WHAT TO PRODUCE:
Output the full listing below exactly; the images stay out.

-.-.-

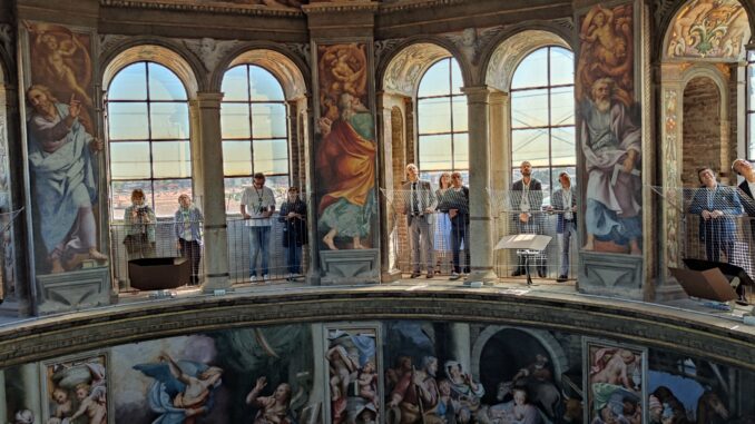 Non conosce eccezioni il successo e l’interesse di piacentini e non per la Salita al Pordenone. Ha infatti fatto registrare ancora una volta il tutto esaurito l’apertura straordinaria e gratuita di ieri, domenica 18 settembre, organizzata dalla Banca di Piacenza in occasione del 32° Convegno del Coordinamento legali di Confedilizia (hanno compiuto il percorso di visita, tra gli altri, il presidente nazionale Giorgio Spaziani Testa, il segretario generale Alessandra Egidi, il responsabile del Centro studi Antonio Nucera, il responsabile delle relazioni istituzionali Giovanni Gagliani Caputo, il presidente di Confedilizia Piacenza Antonino Coppolino con il direttore Maurizio Mazzoni). Come noto, la Salita alla Cupola di Santa Maria di Campagna può essere affrontata solo a piccoli gruppi che – dalle 10 alle 19 – hanno ammirato da vicino Profeti e Sibille affrescate da Antonio de’ Sacchis (e raccontate dalle guide di Minerva Arte) e potuto godere di uno splendido panorama a 360 gradi sulla città, complice una splendida giornata di sole che ha favorito l’arrivo – per visitare le bellezze di Santa Maria di Campagna – di turisti da fuori provincia, soprattutto da Lombardia e Toscana.
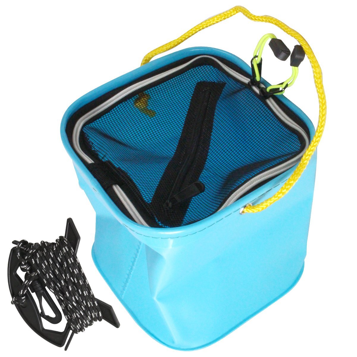 折り畳み式 コンパクト バケツ 20cm『持ち手紐』ロープ/メッシュカバー付き 水汲み ブルー 青 釣り ガーデニング タンク 砂遊び
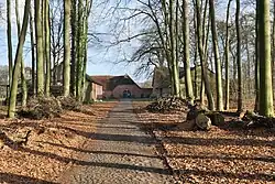 - der längeren westlichen axialen Hofzufahrt mit Kopfsteinpflasterung, teils als Allee durch ein Waldstück sowie teils symmetrisch zwischen zwei Schuppen,
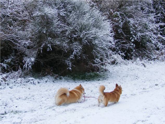 Gemini became the source of our knowledge through the four litters she had. We were extremely fortunate to be able to bring in Startori Andreas from Ireland and he was able to overturn some of the problems we had with the male side of her breeding. Gemini now lives with our family in Northamptonshire along with Michael and can be seen doing agility. Gemini can be seen here taking Angel for a walk one cold morning.
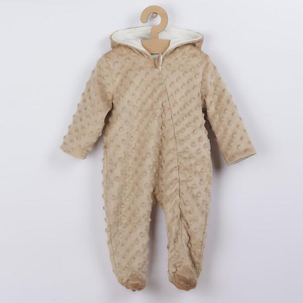 Praktikus kapucnis baba kezeslábas a Nicol Bubbles kollekcióból, kifejezetten kisbabák számára. Ez az overall nemcsak szép és meleg, hanem rendkívül praktikus is. Készült minka anyagból, amely kellemesen puha érzetet nyújt, jellemző kis kiemelkedésekkel. A cipzár teljes hosszában végigfut. A bélése pamut, ami a ruházat egyik legfontosabb eleme, hiszen növeli annak élettart

-.-.-

WRITTEN RESPONSE:
 Non conosce eccezioni il successo e l’interesse di piacentini e non per la Salita al Pordenone. Ha infatti fatto registrare ancora una volta il tutto esaurito l’apertura straordinaria e gratuita di ieri, domenica 18 settembre, organizzata dalla Banca di Piacenza in occasione del 32° Convegno del Coordinamento legali di Confedilizia (hanno compiuto il percorso di visita, tra gli altri, il presidente nazionale Giorgio Spaziani Testa, il segretario generale Alessandra Egidi, il responsabile del Centro studi Antonio Nucera, il responsabile delle relazioni istituzionali Giovanni Gagliani Caputo, il presidente di Confedilizia Piacenza Antonino Coppolino con il direttore Maurizio Mazzoni). Come noto, la Salita alla Cupola di Santa Maria di Campagna può essere affrontata solo a piccoli gruppi che – dalle 10 alle 19 – hanno ammirato da vicino Profeti e Sibille affrescate da Antonio de’ Sacchis (e raccontate dalle guide di Minerva Arte) e potuto godere di uno splendido panorama a 360 gradi sulla città, complice una splendida giornata di sole che ha favorito l’arrivo – per visitare le bellezze di Santa Maria di Campagna – di turisti da fuori provincia, soprattutto da Lombardia e Toscana.
 折り畳み式 コンパクト バケツ 20cm『持ち手紐』ロープ/メッシュカバー付き 水汲み ブルー 青 釣り ガーデニング タンク 砂遊び
 - der längeren westlichen axialen Hofzufahrt mit Kopfsteinpflasterung, teils als Allee durch ein Waldstück sowie teils symmetrisch zwischen zwei Schuppen,
 Gemini became the source of our knowledge through the four litters she had. We were extremely fortunate to be able to bring in Startori Andreas from Ireland and he was able to overturn some of the problems we had with the male side of her breeding. Gemini now lives with our family in Northamptonshire along with Michael and can be seen doing agility. Gemini can be seen here taking Angel for a walk one cold morning.
 Praktikus kapucnis baba kezeslábas a Nicol Bubbles kollekcióból, kifejezetten kisbabák számára. Ez az overall nemcsak szép és meleg, hanem rendkívül praktikus is. Készült minka anyagból, amely kellemesen puha érzetet nyújt, jellemző kis kiemelkedésekkel. A cipzár teljes hosszában végigfut. A bélése pamut, ami a ruházat egyik legfontosabb eleme, hiszen növeli annak élettart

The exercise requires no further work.